Fact check. Canábis para fins medicinais: o que dizem os partidos é o que diz a ciência?

Os relatos pontuais de pessoas que sentiram melhorias depois de consumirem canábis ou os parcos trabalhos publicados em revistas científicas têm feito com que a opinião pública e os doentes pressionem os decisores políticos e os profissionais de saúde. Mas “a percepção pública e a excessiva promoção pelos media deve ser moderada pela evidência clínica”, defendeu uma equipa de médicos do Hospital Pediátrico de Sydney (Austrália), na revista científica The Medical Journal of Australia.

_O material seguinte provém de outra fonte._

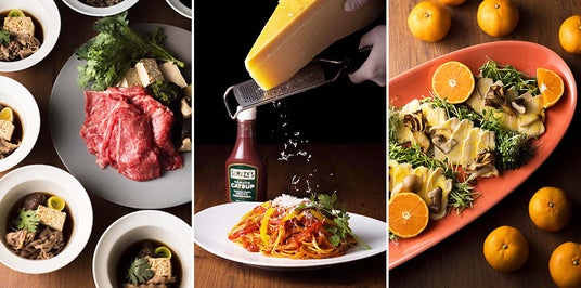 「コールドチキンと茸を小田原産みかんのフレーバーで」は、神奈川県内で収穫量1位を誇る“小田原のみかん”で作ったドレッシングを、チキンにかけてさっぱりとお召し上がりいただく冷製料理。みかんの爽やかな香り、甘味と酸味のほどよいバランスが絶妙です。また、「パルミジャーノ・レッジャーノで仕上げた 清水屋のケチャップのナポリタン」や、上質でやわらかな肉質が特徴の神奈川生まれのブランド牛肉を用いたスペシャルディッシュ「やまゆり牛を牛鍋仕立てに」(お1人さまにつき1皿・大人の方・土日祝限定)など、横浜が「発祥の地」と言われるメニューもご用意いたします。
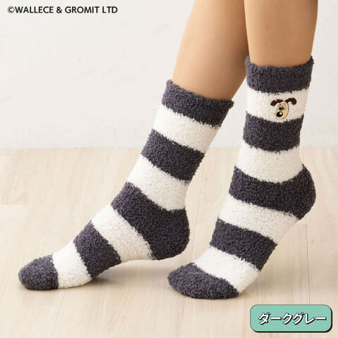 ウォレスとグルミット ワンポイント刺繍 ボーダー ルームソックス 23-25cm マシュマロ もこもこ 靴下 助野 ふわふわ ダークグレー
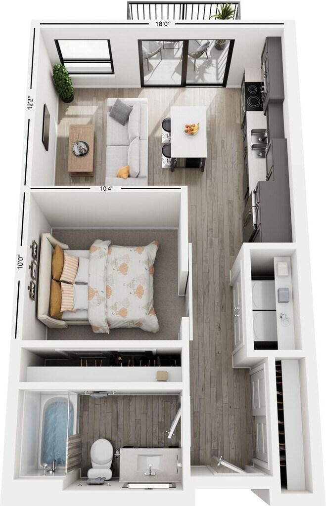 Nile (0-2) - Imagen 10 Unidad de apartamento: 443Modelo de apartamento: Nile (0-2)$1,570Estudio, 1 Baño, 570 sq ftDisponible AhoraMilo (0-1)

Uma das áreas que preocupa esta equipa é o uso de canabinóides na epilepsia pediátrica, em particular pelo potencial de uso nas formas intratáveis de epilepsia, as formas que resistem a pelo menos dois medicamentos atualmente existentes. “São precisos melhores tratamentos e mais ensaios clínicos de elevada qualidade para avaliar a eficácia”, escreveram os médicos. “Os ensaios clínicos demonstraram que o canabidiol [a molécula presente na canábis com mais interesse para os fins medicinais] pode ter efeitos no tratamento da epilepsia nos doentes com síndrome de Dravet. Contudo, carece de replicação [repetição da investigação para confirmar resultados].”

“Há vários assuntos que requerem resolução antes de se aumentar o acesso à canábis médica, incluindo a necessidade de mais evidência de segurança a longo prazo; eficácia, doses e indicações; garantia de qualidade alta e consistente do produto; e redução das preocupações relacionadas com o uso médico de uma droga com potencial aditivo.”